- **WHAT YOU WILL DO**
Retype exactly the lines below, starting with the line that contains "我校圖書館接受贈(zèng)" and ending with the last line; leave out any pictures.

- **DATA EXTRACT**
..........
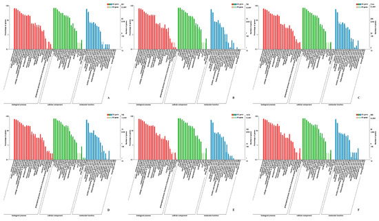 GO enrichment analysis of DEGs in Hanzhong Ma ducks. (A) HZE17B_vs_HZE21B; (B) HZE21B_vs_HZE27B; (C) HZE27B_vs_HZM6B; (D) HZE17L_vs_HZE21L; (E) HZE21L_vs_HZE27L; (F) HZE27L_vs_HZM6L. Note: The abscissa was GO terms, the ordinate on the left was the percentage of genes in all genes annotated with GO, right was the number of genes.
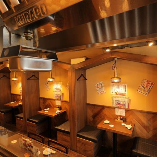 【半個室:2名×3卓】二人だけの空間で、周りを気にせず落ち着いてお話ができる半個室です。レトロ調で高級感のある店内で、流れるジャズが二人の時間をよりロマンチックに演出します。大切な方とのデートにぴったりの特別なお席です!
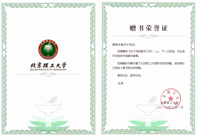 我校圖書館接受贈(zèng)書并將此次贈(zèng)書作為圖書館文庫特藏,同時(shí)向曾慶紅同志呈送了贈(zèng)書榮譽(yù)證。
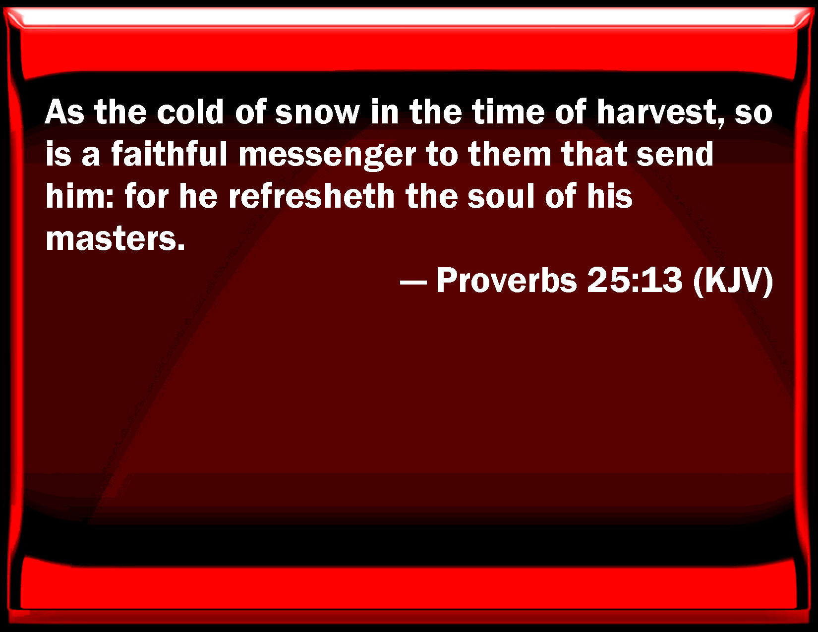 Bible Verse Slide Proverbs 25:13 As the cold of snow in the time of harvest, so is a faithful messenger to them that send him: for he refreshes the soul of his masters. KJV: As the cold of snow in the time of harvest, so is a faithful messenger to them that send him: for he refresheth the soul of his masters. DRB: As the cold of snow in the time of harvest, so is a faithful messenger to him that sent him, for he refresheth his soul. DBT: As the cold of snow in the time of harvest, so is a faithful messenger to them that send him: for he refresheth the soul of his masters. ERV: As the cold of snow in the time of harvest, so is a faithful messenger to them that send him; for he refresheth the soul of his masters. WBT: As the cold of snow in the time of harvest, so is a faithful messenger to them that send him: for he refresheth the soul of his masters. WEB: As the cold of snow in the time of harvest, so is a faithful messenger to those who send him; for he refreshes the soul of his masters. YLT: As a vessel of snow in a day of harvest, So is a faithful ambassador to those sending him, And the soul of his masters he refresheth.Links Proverbs 25:13 NIV • Proverbs 25:13 NLT • Proverbs 25:13 ESV • Proverbs 25:13 NASB • Proverbs 25:13 KJV • Proverbs 25:13 Interlinear • Proverbs 25:13 Commentaries • Proverbs 25:13 Parallel Texts • Proverbs 25:13 Bible Apps • Proverbs 25:13 Parallel • Bible Hub |
..........
- **SOLUTION**
 我校圖書館接受贈(zèng)書并將此次贈(zèng)書作為圖書館文庫特藏,同時(shí)向曾慶紅同志呈送了贈(zèng)書榮譽(yù)證。
 Bible Verse Slide Proverbs 25:13 As the cold of snow in the time of harvest, so is a faithful messenger to them that send him: for he refreshes the soul of his masters. KJV: As the cold of snow in the time of harvest, so is a faithful messenger to them that send him: for he refresheth the soul of his masters. DRB: As the cold of snow in the time of harvest, so is a faithful messenger to him that sent him, for he refresheth his soul. DBT: As the cold of snow in the time of harvest, so is a faithful messenger to them that send him: for he refresheth the soul of his masters. ERV: As the cold of snow in the time of harvest, so is a faithful messenger to them that send him; for he refresheth the soul of his masters. WBT: As the cold of snow in the time of harvest, so is a faithful messenger to them that send him: for he refresheth the soul of his masters. WEB: As the cold of snow in the time of harvest, so is a faithful messenger to those who send him; for he refreshes the soul of his masters. YLT: As a vessel of snow in a day of harvest, So is a faithful ambassador to those sending him, And the soul of his masters he refresheth.Links Proverbs 25:13 NIV • Proverbs 25:13 NLT • Proverbs 25:13 ESV • Proverbs 25:13 NASB • Proverbs 25:13 KJV • Proverbs 25:13 Interlinear • Proverbs 25:13 Commentaries • Proverbs 25:13 Parallel Texts • Proverbs 25:13 Bible Apps • Proverbs 25:13 Parallel • Bible Hub |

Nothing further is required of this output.